Recently we had the chance to once again interview Strathmore Mineral’s CEO, David Miller. We always find his insights and opinions quite useful and on the money. In our conversation we discussed many topics ranging from Strathmore, the current uranium market, the future of the uranium market and the current state of the industry.

Strathmore has been one of the leading uranium companies developing American uranium properties since we began covering the uranium market years ago. The company has properties located throughout the western United States and those properties are in historical mining districts. Over the years, Strathmore has developed the projects and now has two projects quite close to actual development, one in the Gas Hills and the company’s flagship Roca Honda Project (a 50:50 joint venture with Sumitomo). All of this has positioned Strathmore among the premier American uranium developers, and from our conversation with Mr. Miller investors should keep an eye on the company as new developments should help to move the stock higher.

According to Mr. Miller, “Roca Honda will be the first project to have a full feasibility study prepared.” This should give investors an accurate picture of what the costs will be to mine the uranium and how profitable any mining operation will be. Investors can expect this study to be completed by the second half of this year. Although this isn’t a low cost production project, Mr. Miller indicated that the company is not concerned about today’s current spot price of yellowcake as they believe that the price will be higher when their production comes online (Editor’s Note: It is important to differentiate between the current spot price and long-term price, as spot recently traded at $41.75/lb and the long-term price was quoted at roughly $60/lb). Even now, Mr. Miller says, “our core projects can compete in the marketplace.”

Further reducing risk is the fact that Sumitomo is a uranium trader which could potentially provide a market for purchasing production. Recruiting customers and developing relationships is key to developing a market for your uranium production. According to Mr. Miller others have been around kicking the tires, including some utilities trying to lock in long-term contracts. Regarding long-term contracts, Mr. Miller stated, “We will be receptive to long term contracts when the price of uranium runs up again, and we have greater visibility on our production timelines. We are not interested in long-term contracts at the current spot price.”

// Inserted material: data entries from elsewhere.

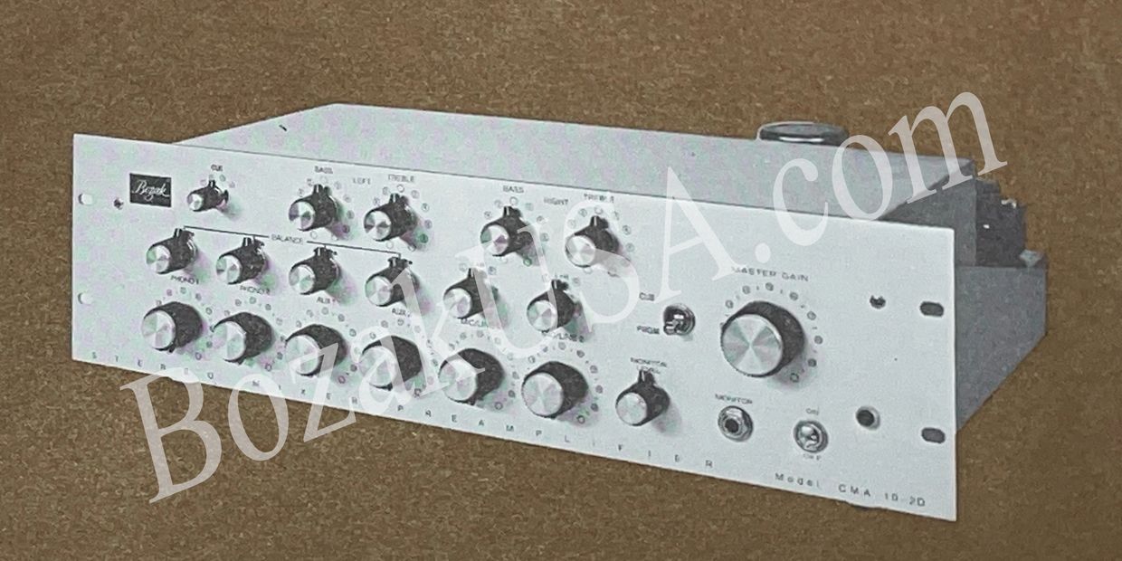 Long before any other mixer company and something very few people are aware of, Bozak was the first to experiment with ic chips. The CMA 10-2 series mixer output remained analog and only the Monitor output circuit was designed and tested with ic chips. The CMA 10-2DL went to a more powerful TTL circuit to accommodate the use of 8 ohm headphones. Many CMA 10-2 series mixers are found with the ic
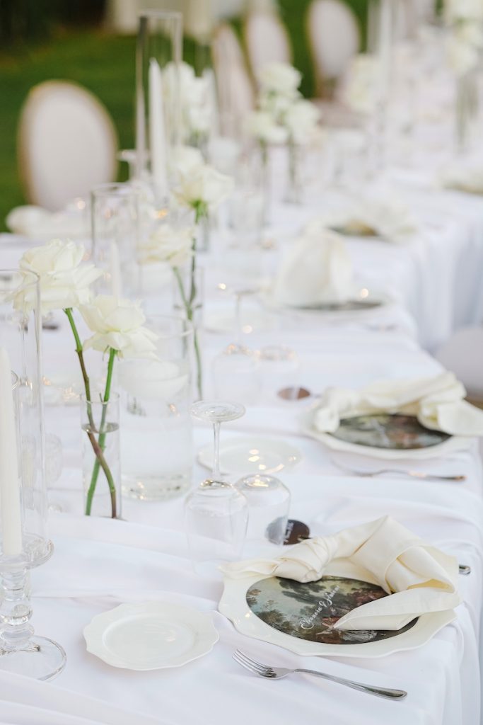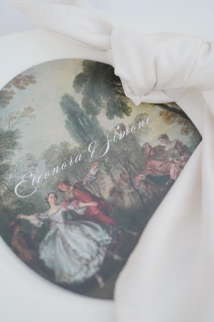 A caratterizzare la mise en place un’estetica pulita sviluppata attraverso tovaglioli bianchissimi ed elegantemente annodati e segnatavoli con stampa rococò ispirata a Fragonard.
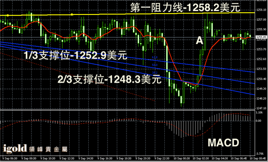 黄金阴阳烛录得出现U型反弹,显示市场在1255美元附近支撑较强,不过末端录得连续阴烛,且短线MACD显示多空反复,因此未来建议以阳烛A的最低价为参考,若跌破或继续下行。
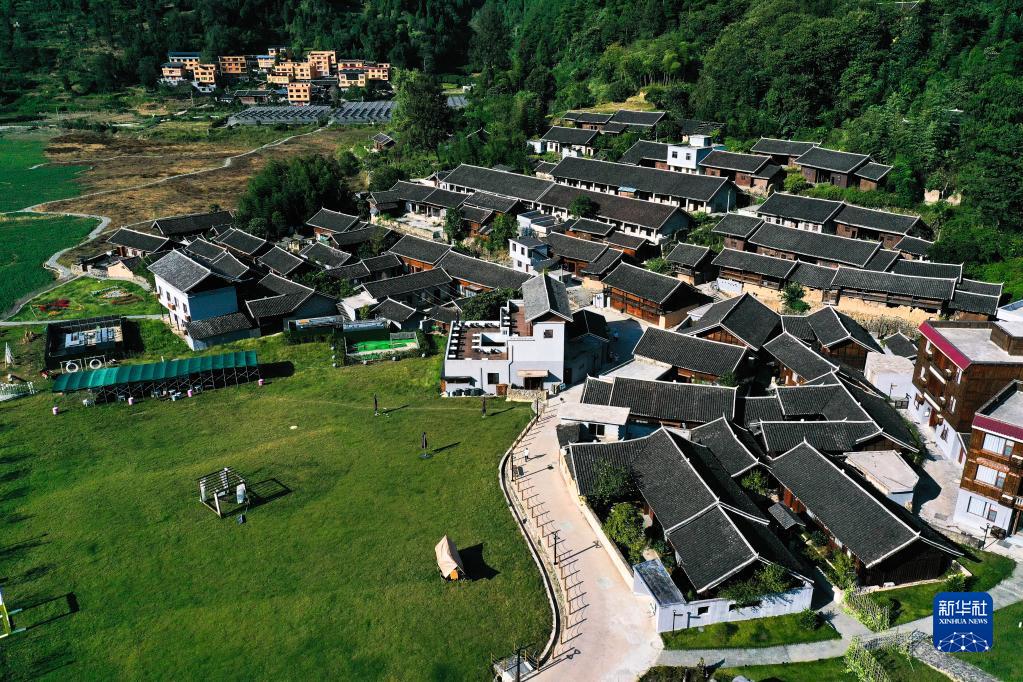 9月26日,游客在贵州省铜仁市万山区牙溪生态农场观光(无人机照片)。

Regarding hidden traps for investors, it was mentioned that investors should be on the lookout for those companies whose properties are encumbered by royalties and other profit sharing schemes. To be clear, Strathmore Minerals is not one of those companies; their properties are not hindered by those royalty agreements, thus insuring that future cash flows are not diverted from shareholders to other parties.

In discussing the company’s outlook for uranium, Mr. Miller stated that he thought Adam Schatzker, an analyst with RBC Capital Markets, was right on in his analysis on the outlook of uranium demand and supply. In short the company believes that by 2015 the supply of uranium will not be able to meet the world’s future demand.

We have long been a believer in the industry, and Strathmore has always been one of the North American companies we thought would bring a deposit into production. It appears that Strathmore is indeed the real deal and not a pretender, and the next year should demonstrate this to investors as Strathmore moves forward with their feasibility study, planning and permitting.